Developing and Validating a Measure of Patient-centered Peripartum Contraceptive Care

$2.58M USD

Funder EUNICE KENNEDY SHRIVER NATIONAL INSTITUTE OF CHILD HEALTH & HUMAN DEVELOPMENT
Recipient Organization University of Michigan At Ann Arbor
Country United States
Start Date Sep 04, 2024
End Date Aug 31, 2026
Duration 726 days
Number of Grantees 1
Roles Principal Investigator
Data Source NIH (US)
Grant ID 10879253
Grant Description

PROJECT SUMMARY ABSTRACT Background: Contraceptive care is an essential component of maternity care. While patient-centeredness is a key aspect of the quality of contraceptive care, significant evidence suggests that many pregnant and postpartum (hereafter “peripartum”) individuals do not receive patient-centered contraceptive care and that

marginalized groups are disproportionately at risk of poor experiences. These poor experiences affect contraceptive use, birth spacing and risk of adverse birth outcomes. Addressing current shortcomings in peripartum contraceptive care requires robust metrics grounded in patient-centeredness and health equity, but

no such measures currently exist. Commonly used measures of peripartum contraceptive care focus only on the clinical outcome of contraceptive provision. Assessing quality through this measure alone—as opposed to alongside a measure of patient experience—can have unintended consequences of incentivizing the promotion

of contraception use or specific method types over individual patients’ preferences. Thus, there is critical need for new measures that can capture the patient-centeredness of contraceptive care among peripartum populations, overall and among key subgroups at disproportionate risk of non-patient-centered care.
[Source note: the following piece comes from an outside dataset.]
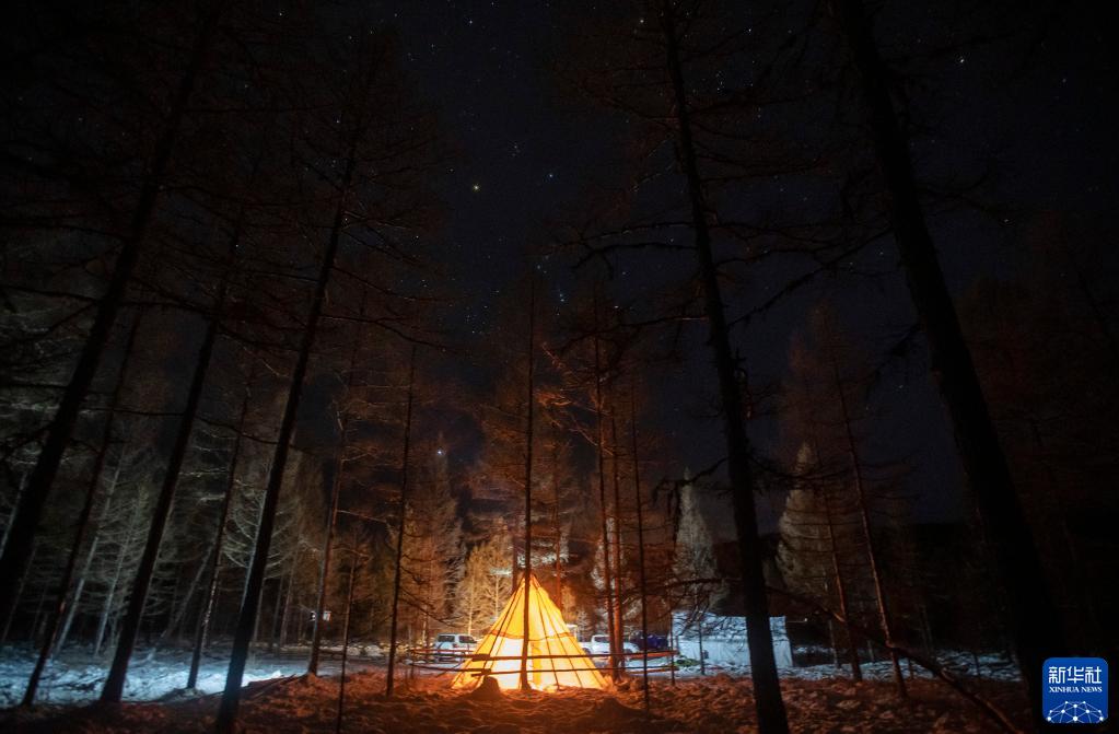 1月11日,覺(jué)樂(lè )的“撮羅子”(鄂溫克族傳統的居所)與密林中的星空相映成輝。新華社記者 費茂華 攝

Approach: The objective of this proposal is to develop a novel, psychometrically validated measure of the patient experience of peripartum contraceptive care, the Patient-centeredness of Peripartum Birth control Counseling (PPBC) measure. To achieve this objective, we will first adapt an existing patient-reported outcome

measure to the unique peripartum context, using modified Delphi methods with patient and expert stakeholders and cognitive interviews with patients (Aim 1). We will then administer the prototype measure developed in Aim 1 to a large sample of peripartum individuals, to assess and confirm factor structure, evaluate reliability and

external validity, and develop a refined measure of the patient experience of peripartum contraceptive care (Aim 2). Impact: Findings from this proposal hold promise to ultimately transform the ability of health systems and researchers to understand and promote patient-centered, equitable peripartum contraceptive care delivery and

thereby improve health outcomes for the 4 million mothers and infants receiving perinatal care in the U.S. annually.